Fakultas&Prodi : Teknik, Teknik Elektro
Semester :1
1
KATA PENGANTAR
Puji syukur Alhamdulillah penulis haturkan kepada ALLAH SWT atas selesainya tugas ini
yang Insyaallah tidak ada hambatan dalam penyelesaian makalah ini.Sholawat dan Salam
semoga ALLAH SWT limpahkan kepada Rasulullah Muhammad SAW atas perjuangannya
membawa kita dari jalan yang gelap gulita menuju jalan yang terang benderang.
Terima kasih saya sampaikan atas bimbimngan Bapak Dr. Taufiq Ramdani, S.Th.I., M.Sos
sebagai dosen pengampuh mata Kuliah Pendidikan Agama Islam karena telah memberikan
tugas ini sehingga saya mendapatkan ilmu bermanfaat ini yang Insyaallah menambah
wawasan saya tentang islam.
Besar harapan saya tugas ini akan memberi manfaat bagai setiap pihak termasuk saya dan
yang paling utana bagi pembaca.
2
DAFTAR ISI
HALAMAN COVER
KATA PENGANTAR
DAFTAR ISI
I. Keistimewaan dan Kebenaran Konsep Ketuhanan dalam Islam…………………1
II. Sains dan Teknologi dan Al-Qur’an dan Al-Hadits…………………………………2
III. Generasi terbaik menurut Al-Hadits………………………………………………….3
IV. Pengertian Salaf Menurut Al-Hadits.………………………………………………...4
V. Islam, Ajaran Tentang Berbagi serta Keadilan Penegakan Hukum……………...5
DAFTAR PUSTAKA
LAMPIRAN
3
1.Konsep Ketuhanan dalam Islam
Istilah Tuhan dalam sebutan Al-Quran digunakan kata ilaahun, yaitu setiap yang menjadi
penggerak atau motivator, sehingga dikagumi dan dipatuhi oleh manusia. Orang yang
mematuhinya di sebut abdun (hamba). Kata ilaah (tuhan) di dalam Al-Quran konotasinya
ada dua kemungkinan, yaitu Allah, dan selain Allah. Subjektif (hawa nafsu) dapat menjadi
ilah (tuhan). Benda-benda seperti : patung, pohon, binatang, dan lain-lain dapat pula
berperan sebagai ilah. Demikianlah seperti dikemukakan pada surat Al-Baqarah (2) : 165,
sebagai berikut:
Diantara manusia ada yang bertuhan kepada selain Allah, sebagai tandingan terhadap
Allah. Mereka mencintai tuhannya itu sebagaimana mencintai Allah.
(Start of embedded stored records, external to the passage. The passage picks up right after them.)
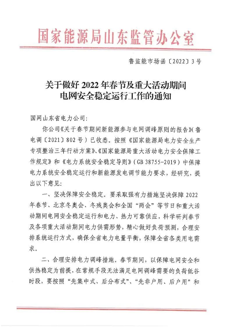 2022年1月22日,國家能源局山東監(jiān)管辦公室發(fā)布《關(guān)于做好 2022年春節(jié)及重大活動期間電網(wǎng)安全穩(wěn)定運行工作的通知》,提出: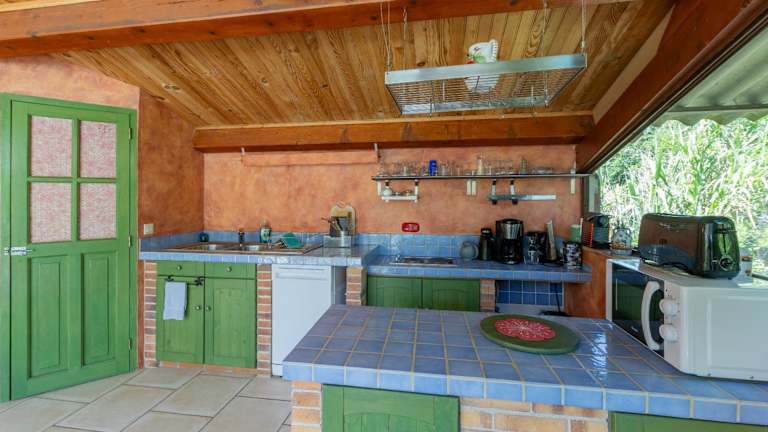 Das Ferienhaus ist ausgestattet mit Bettwäsche, Handtüchern und einem TV mit Kabelkanälen. Die voll ausgestattete Küche ermöglicht eine eigenständige Versorgung. Eine Terrasse mit Bergblick und ein Garten mit Grillmöglichkeiten vervollständigen die Ausstattung.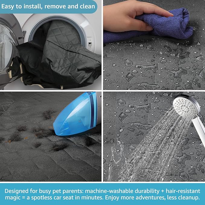 - Easy install, Quickly Remove and Machine Washable: The back seat dog cover for car features a user-friendly installation process that ensures a secure fit for your car interior in moments. Available in multiple colors and designs to match your personal style while providing essential protection. When it's time to clean, wash in machine after muddy adventures or pack up, its seamless removal is just as quick and hassle-free. The ultra-smooth surface and anti-static fabric repel pet hair, while hidden hair-catching grooves trap loose fur. Simply shake off or wipe clean in seconds - no sticky rollers needed! Bye-Bye, Stubborn Pet Hair!

Sebelum turun Al-Quran dikalangan masyarakat Arab telah menganut konsep tauhid
(monoteisme). Allah sebagai Tuhan mereka. Hal ini diketahui dari ungkapan-ungkapan yang
mereka cetuskan, baik dalam do’a maupun acara-acara ritual. Abu Thalib, ketika
memberikan khutbah nikah Nabi Muhammad dengan Khadijah (sekitar 15 tahun sebelum
turunya Al-Quran) ia mengungkapkan kata-kata Alhamdulillah. (Lihat Al-Wasith,hal 29).
Adanya nama Abdullah (hamba Allah) telah lazim dipakai di kalangan masyarakat Arab
sebelum turunnya Al-Quran. Keyakinan akan adanya Allah, kemaha besaran Allah,
kekuasaan Allah dan lain-lain, telah mantap. Dari kenyataan tersebut timbul pertanyaan
apakah konsep ketuhanan yang dibawakan Nabi Muhammad? Pertanyaan ini muncul
karena Nabi Muhammad dalam mendakwahkan konsep ilahiyah mendapat tantangan keras
dari kalangan masyarakat. Jika konsep ketuhanan yang dibawa Muhammad sama dengan
konsep ketuhanan yang mereka yakini tentu tidak demikian kejadiannya.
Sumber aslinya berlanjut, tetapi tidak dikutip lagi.